> WHAT YOU HAVE TO DO:
A verbatim reproduction of the following listing is required; omit the pictures.
Segment Start: GIVEN INFORMATION
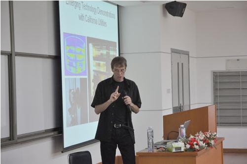 在課堂上,美國加州照明技術中心主任Michael Siminovitch教授講授的課程是《LED室內照明設計》。他認為住宅照明是LED最大的增長機會之一,加州州長07年簽署的法案規定2018年室內住宅照明耗電必須比2007年下降50%以上。他舉LED廚房照明為例,采用白熾燈的話要700瓦,改為LED燈具后,功率可以降到100-150瓦。他指出1200萬家庭的廚房每家功率節省192瓦,那么總共可以節省2.33GW,相當于加州最大核電站的功率。他從眩光、顏色、成本、耐用性和效率等方面講述了LED在室內照明的應用潛力。演講中他列舉了很多應用案例,包括零售店、辦公室、車庫等場所。
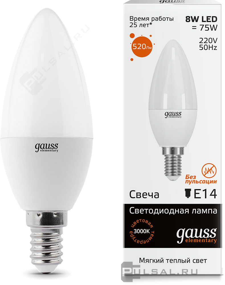 Elementary, цоколь - E14, мощность - 8Вт, световой поток - 520Лм, цветовая температура - 3000К, не диммируется, 34118, Gauss
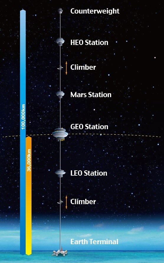 ด้วยการทำงานแบบลิฟต์ ในการยกของจากพื้นโลกไปยังสถานีปลายทางที่วงโคจร geosynchronous orbit ซึ่งสูงจากพื้นโลก 42,000 กิโลเมตร (GEO Station)
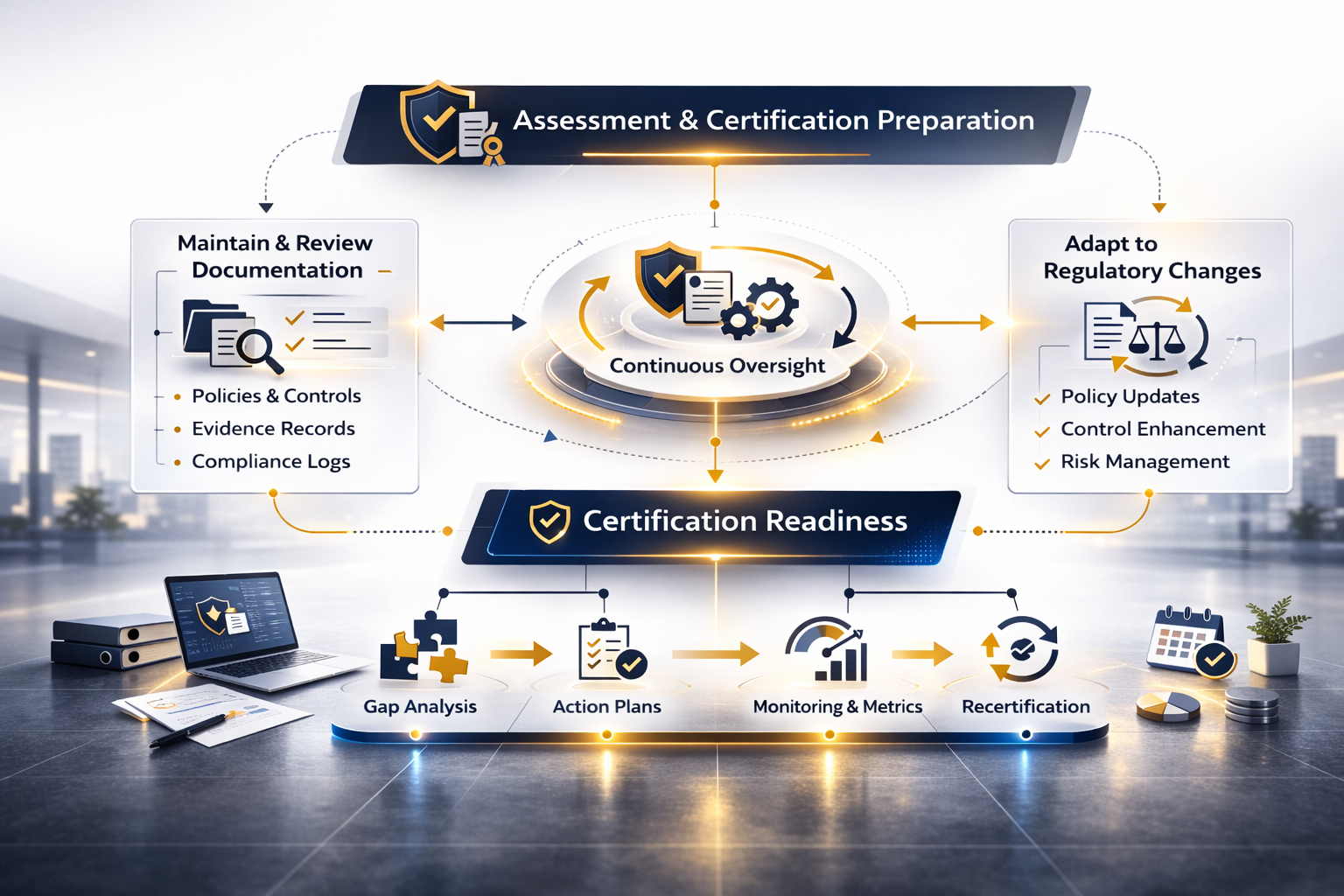 Certification is a milestone, not the finish line. After assessment, we support sustained readiness through ongoing oversight and measured governance.
Segment End: GIVEN INFORMATION
> EXERCISE RESULT:
 在課堂上,美國加州照明技術中心主任Michael Siminovitch教授講授的課程是《LED室內照明設計》。他認為住宅照明是LED最大的增長機會之一,加州州長07年簽署的法案規定2018年室內住宅照明耗電必須比2007年下降50%以上。他舉LED廚房照明為例,采用白熾燈的話要700瓦,改為LED燈具后,功率可以降到100-150瓦。他指出1200萬家庭的廚房每家功率節省192瓦,那么總共可以節省2.33GW,相當于加州最大核電站的功率。他從眩光、顏色、成本、耐用性和效率等方面講述了LED在室內照明的應用潛力。演講中他列舉了很多應用案例,包括零售店、辦公室、車庫等場所。
 Elementary, цоколь - E14, мощность - 8Вт, световой поток - 520Лм, цветовая температура - 3000К, не диммируется, 34118, Gauss
 ด้วยการทำงานแบบลิฟต์ ในการยกของจากพื้นโลกไปยังสถานีปลายทางที่วงโคจร geosynchronous orbit ซึ่งสูงจากพื้นโลก 42,000 กิโลเมตร (GEO Station)
 Certification is a milestone, not the finish line. After assessment, we support sustained readiness through ongoing oversight and measured governance.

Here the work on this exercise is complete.